= Bodegas Los Frailes =

Bodegas Los Frailes (Bodegas Los Frailes SL) is a Spanish wine producer and seller company located in Fontanars dels Alforins (Valencia). The cellar, whose origins date back to the eighteenth century, produces and sells wines from their own vineyards with the Geographical Indication (GI) “Valencia”. Most of the production is exported to Germany, Switzerland, Denmark, the United States, Sweden and Norway.

== History ==
The winemaking tradition dates back to 1771, after the Suppression of the Society of Jesus (1767) and the expropriation of “Heredad de la Concepcion”, the rural estate acquired by the ancestors of the current owner family. Since the 18th century vine crops have been combined with sheep farming. Formerly, the wine produced was stored in the old cellar formed by buried clay amphorae.

In 1999 "Bodegas Los Frailes" was founded to create quality wine through the organic cultivation of Monastrell grapes, the native variety linked to the monasteries, and other native varieties such as Garnacha Tintorera; Cabernet Sauvignon, Tempranillo, Syrah and Marselán were introduced later.

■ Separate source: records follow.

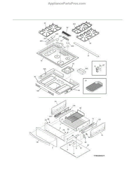Parts for Kenmore 790.32632314 (79032632314, 790 32632314): Top / Drawer Parts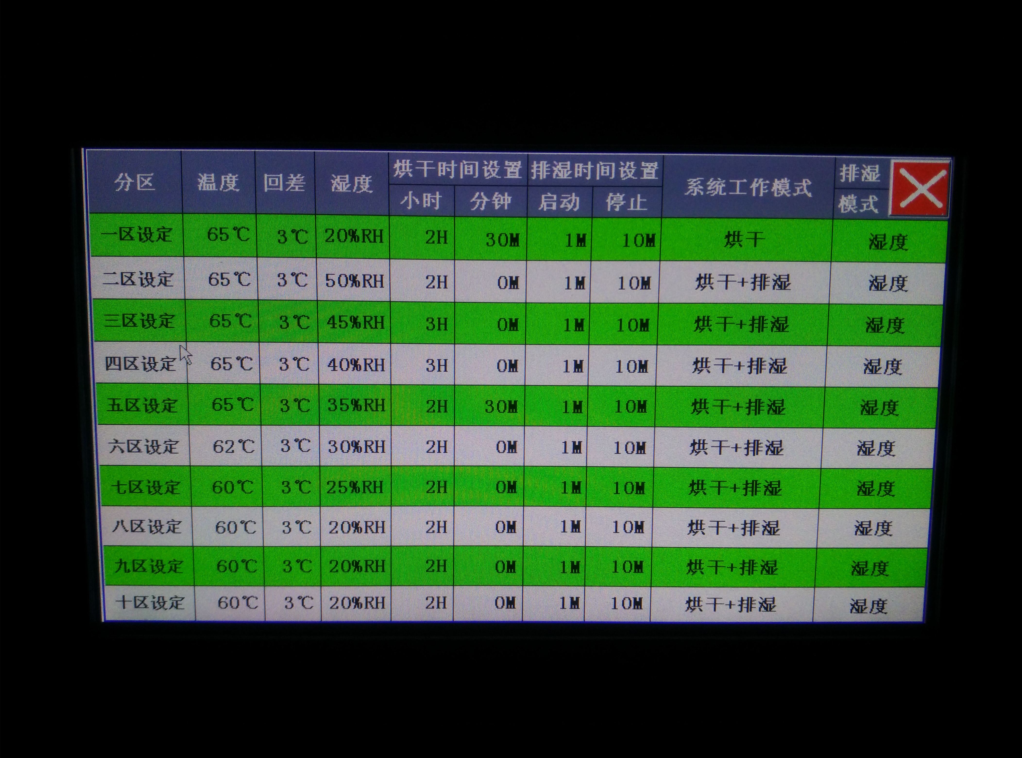 將擺放好黃花菜的物料車推入烘干房內(nèi),設(shè)定好烘干時段,溫度,排濕量,啟動設(shè)備進行烘干。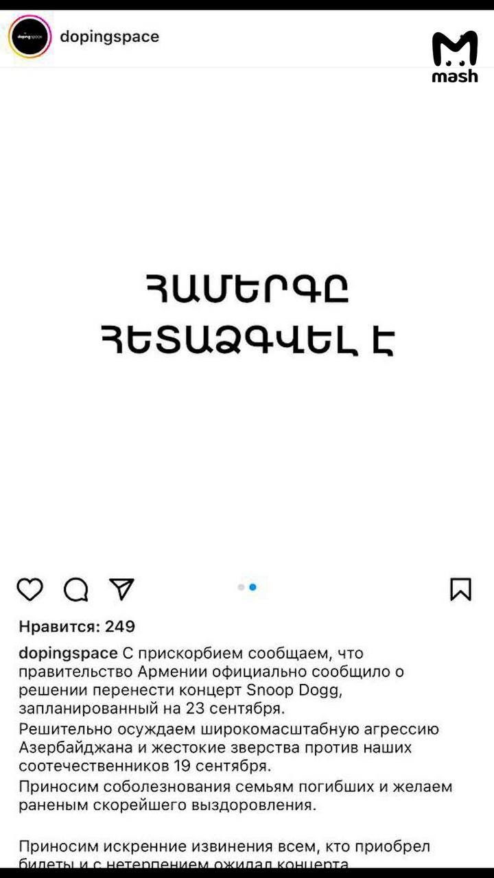 Организаторы концерта Snoop Dogg в Ереване одумались и перенесли выступление, запланированное на эту субботу. Спустя всего два дня массовых протестов в столице Армении и не менее массового хейта в интернете.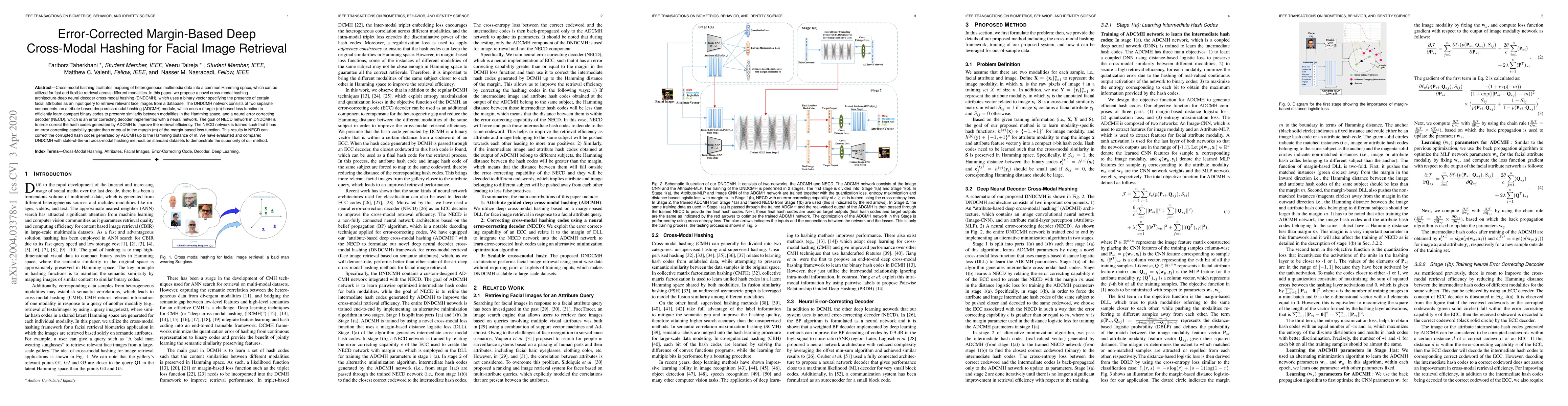 This paper proposes DNDCMH, a novel cross-modal hashing architecture that uses a deep neural decoder for error correction to enhance facial image retrieval. The architecture combines an attribute-based module with a neural error-correcting decoder to generate and correct compact binary codes, improving retrieval efficiency.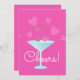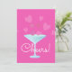 Martini Glass and Pink Hearts bursting out of the glass. Hot pink background.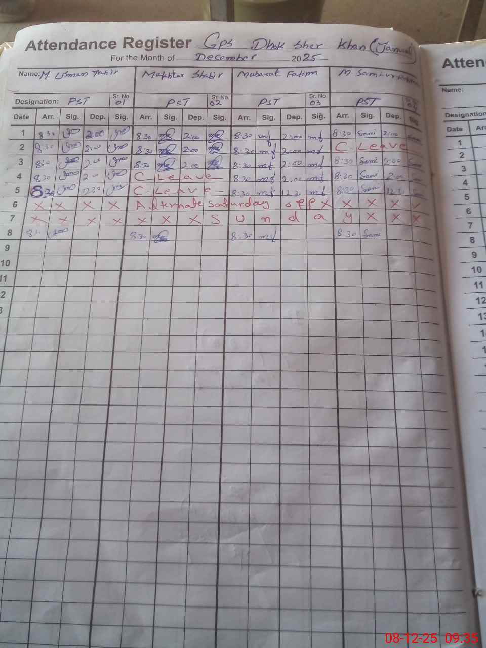 | CNIC | Full Name | Designation | R/C | Absence During Last Calender Month |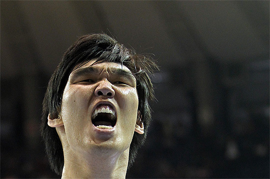 24일 오후 서울 송파구 잠실동 잠실실내체육관에서 열린 2010-2011 현대모비스 프로농구 챔피언결정전 5차전 전주 KCC와 원주 동부의 경기에서 KCC 하승진이 경기에서 이긴 후 포효하고 있다. (desk@jjan.kr)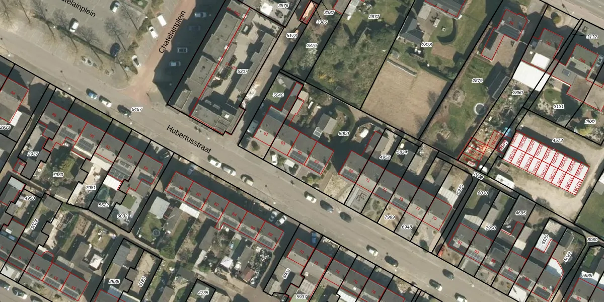 Het perceel waarop Hubertusstraat 65 staat heeft een oppervlakte van 952 m². Dit is een groot perceel. De perceeloppervlakte wordt geregistreerd door het Kadaster. Gedetailleerde informatie over de maten van dit perceel kunt u vinden in het rapport Kadastrale kaart met maatvoering van Hubertusstraat 65.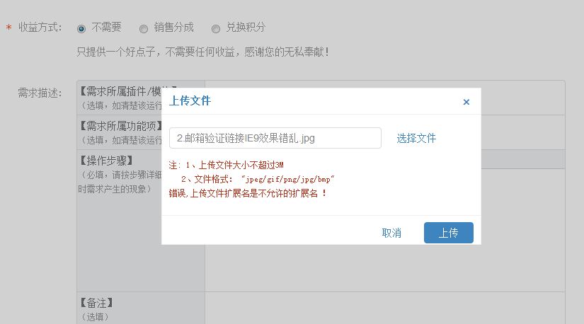 2.在【操作步骤】点击最右侧图片图标,点击上传一个图片名称中带“.”的图片或扩展名为大写的图片,系统提示“错误,上传文件扩展名是不允许的扩展名 !”
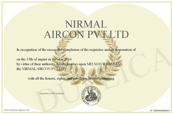 Certificate-degree can have your NIRMAL AIRCON PVT.LTD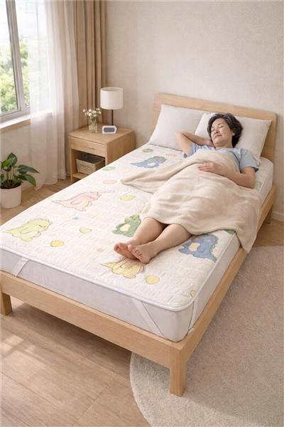 - Chất liệu: mặt trên là vải tencel; bề mặt giữa: cao su tổng hợp; bề mặt dưới: lớp vải chống thấm kết hợp các hạt chống xê dịch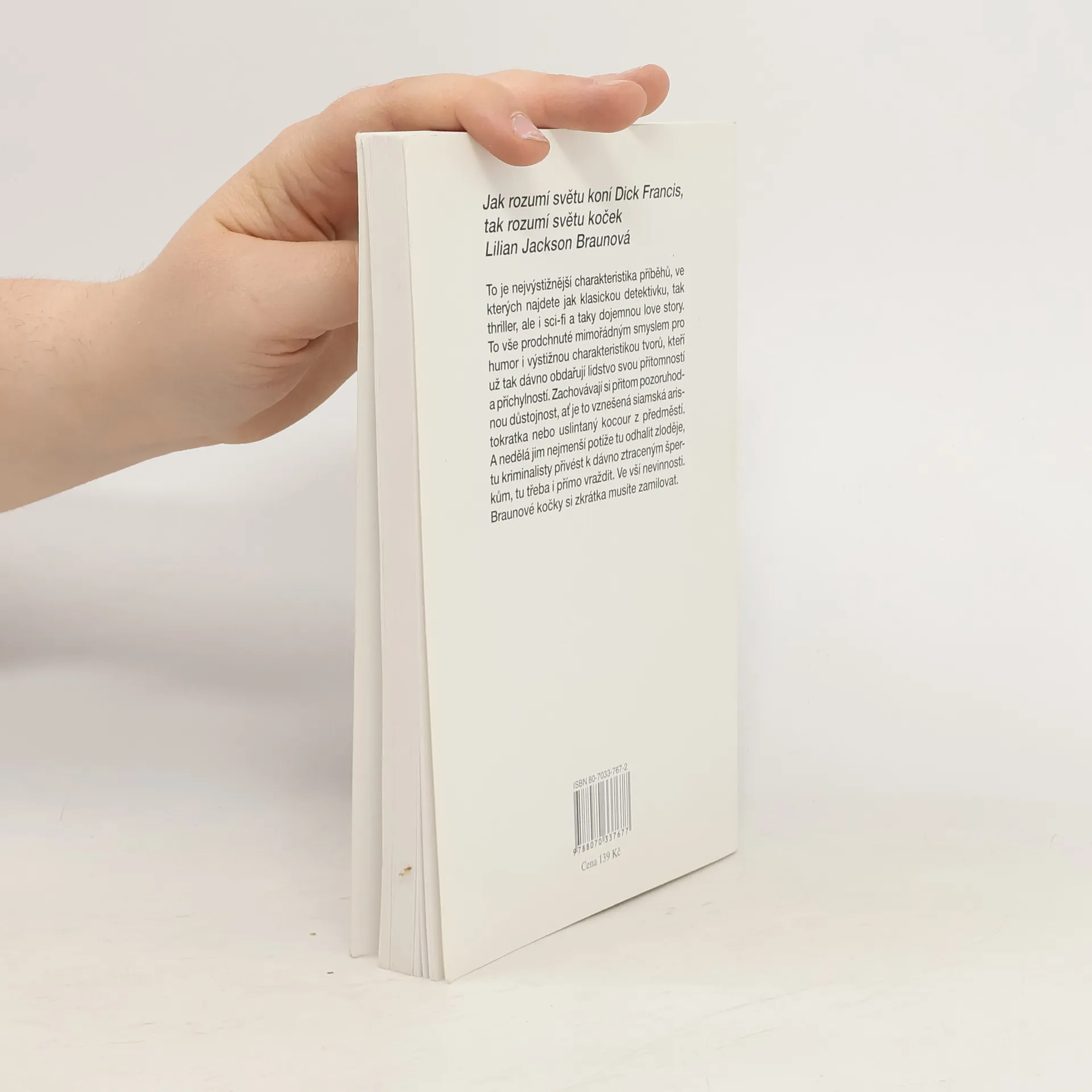 Jak rozumí světu koní Dick Francis, tak rozumí světu koček Lilian Jackson Braunová. To je nejvýstižnější charakteristika příběhů, ve kterých najdete jak klasickou detektivku, tak thriller, ale i sci-fi a taky dojemnou love story. To vše prodchnuté mimořádným smyslem pro humor a výstižnou charakteristikou tvorů. kteří už tak dávno obdařují lidstvo svou přítomností a příchylností. Zacovávají si přitom pozoruhodnou důstojnost, ať je to vznešená siamská aristokratka nebo uslintaný kocour z předměstí. A nedělá jim nejmenší potíže tu odhalit zloděje, tu kriminalisty přivést k dávno ztraceným šperkům, tu třeba i přímo vraždit. Ve vší nevinnosti. Braunové kočky si zkrátka musíte zamilovat.... celý text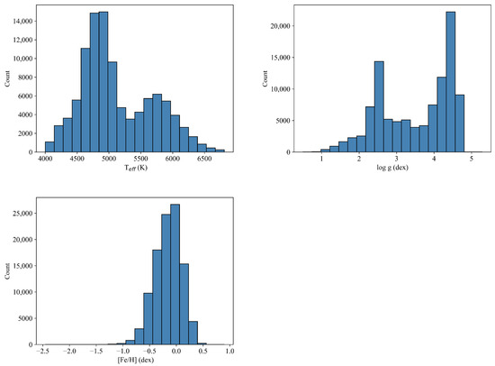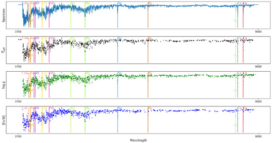 SDSS [31] houses an extensive collection of astronomical data, spanning a vast region of the sky. These data include essential information such as the position, brightness, and spectral details of billions of celestial objects, along with their physical properties. SDSS also offers a wide range of data, including images, galaxy redshift measurements, galaxy photometry, and a comprehensive catalog of sky survey objects. Additionally, the wavelength range covered by the SDSS DR17 APOGEE spectra with a resolution of R 22500 [32] spans from 3800 to 9200 Å, and high-quality atmospheric parameters [, , , ] are provided. Estimating atmospheric parameters using high-resolution spectra is more accurate [28]. Thus, in the paper, APOGEE’s labels are used. The APOGEE Stellar Parameter and Chemical Abundances Pipeline (ASPCAP) [33] is a software pipeline for the analysis of stellar spectra, mainly used to process spectra from the Apache Point Observatory Galactic Evolution Experiment (APOGEE). ASPCAP aims to extract stellar parameters (e.g., , , metal abundances, etc.) and chemical abundances (e.g., elemental abundances) from stellar spectra.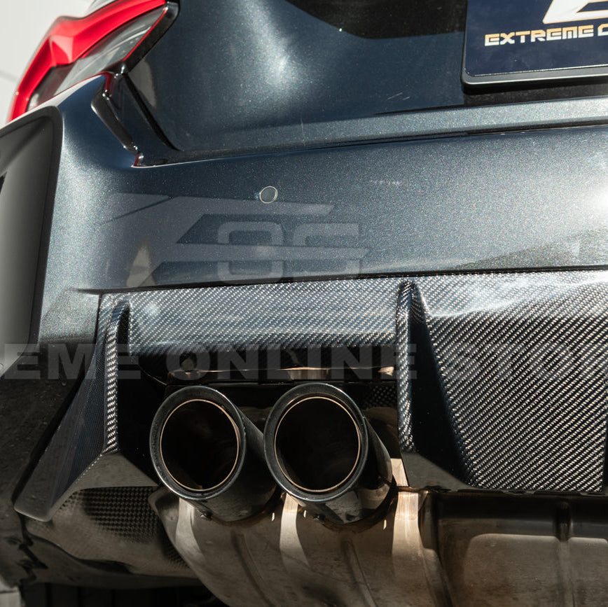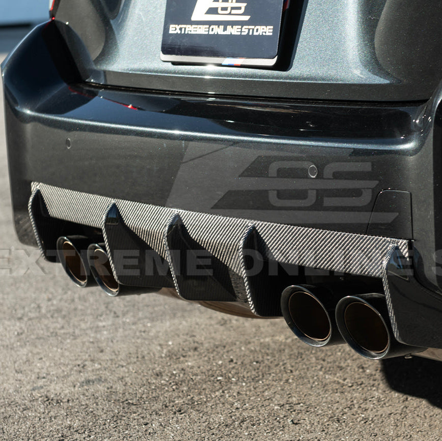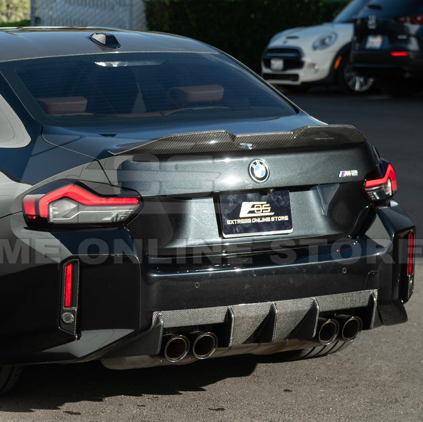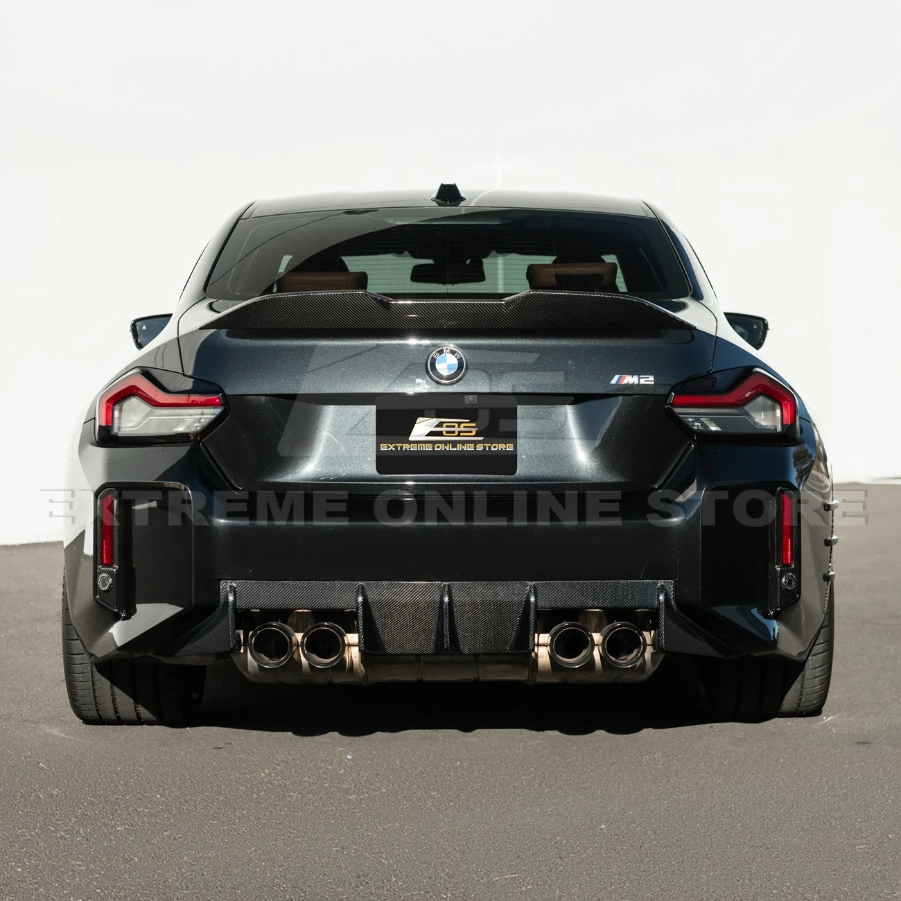 Upgrade your 2023-Present BMW G87 M2 with the M Performance V2 Carbon Fiber Rear Bumper Diffuser, crafted for BMW enthusiasts looking to enhance both style and aerodynamic performance. Compatible with all 2023 and newer BMW G87 M2 models, this diffuser is designed with precision to seamlessly integrate with your vehicle’s rear bumper for a clean, aggressive look. Made from high-quality carbon fiber, it provides a lightweight, rigid structure that elevates the car’s rear aesthetics while contributing to improved airflow management at high speeds. The M-Sport Performance V2 style diffuser accentuates the aggressive lines of the M2, giving it a track-inspired, premium appearance. Its clip-on design allows for direct installation using existing OEM hardware, making it a convenient upgrade without drilling.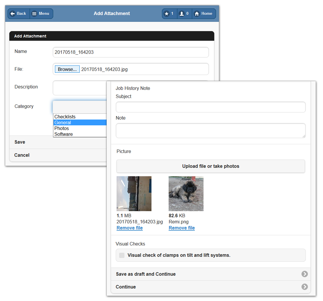 TimeTrak allows you to add any kind of attachment from the Job Details screen. Simply select attachments, then browse for a file, select the category and save it to the job.
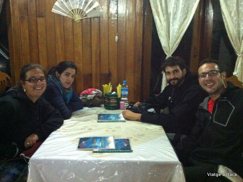 Ja quasi és hora de dinar, i els nostres amics de Madrid se’n van a caminar una mica. Nosaltres explorem el poble; passem pel mercat, per l’escola on coincidim amb l’hora de sortida, i tots els nens que hi ha per allà s’apropen a saludar-nos i a donar-nos la mà. Després de la sobredosi de somriures, seguim caminant, i des de la vora del carrer oposada una senyora que ens fa senyals amb les mans des del seu restaurant. Ens apropem, i com ens ha fet molta gràcia ens hi quedem a dinar. Dinem molt be al “smile restaurant”, així s’anomena el lloc, i tenim un parell de plats per picar, després el que nosaltres demanem, i un postre i te cortesia de la casa.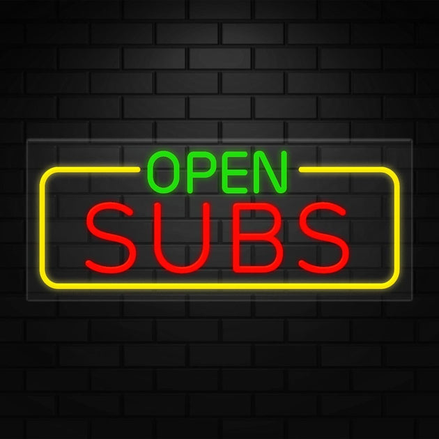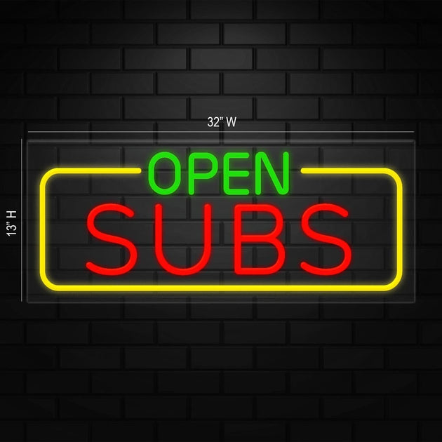 Open Subs Neon Sign for Retail Displays | LED Flex Neon | 32"W x 13"H x 1"D

Currently the warehouse has stainless steel tanks and new oenological technology. The old winery has been recovered for the aging of the wines in concrete tanks and clay jars in a room of buried barrels.

== Organic agriculture ==
The transformation to organic agriculture involved the incorporation of biological methods of pest control and rejection of systemic herbicides. The crops are fertilized with organic manure from extensive livestock and their herd of sheep.
The cultivation and growth of the vineyards is done through the process of biodynamic agriculture, created by Rudolf Steiner. All vineyards and wines are certified by organic farming. With 130 hectares of own vineyard, belongs to the Association of wine growers and producers "Terres dels Alforins".

Wines produced with assemblages between different grapes: Los frailes, Bilogía, Trilogía, Moma, 1771, After 3; being awarded several times by Guía Peñín, Biofach, Concours Mondial de Bruxelles, Robert Parker
and the International Wine Cellar, among others.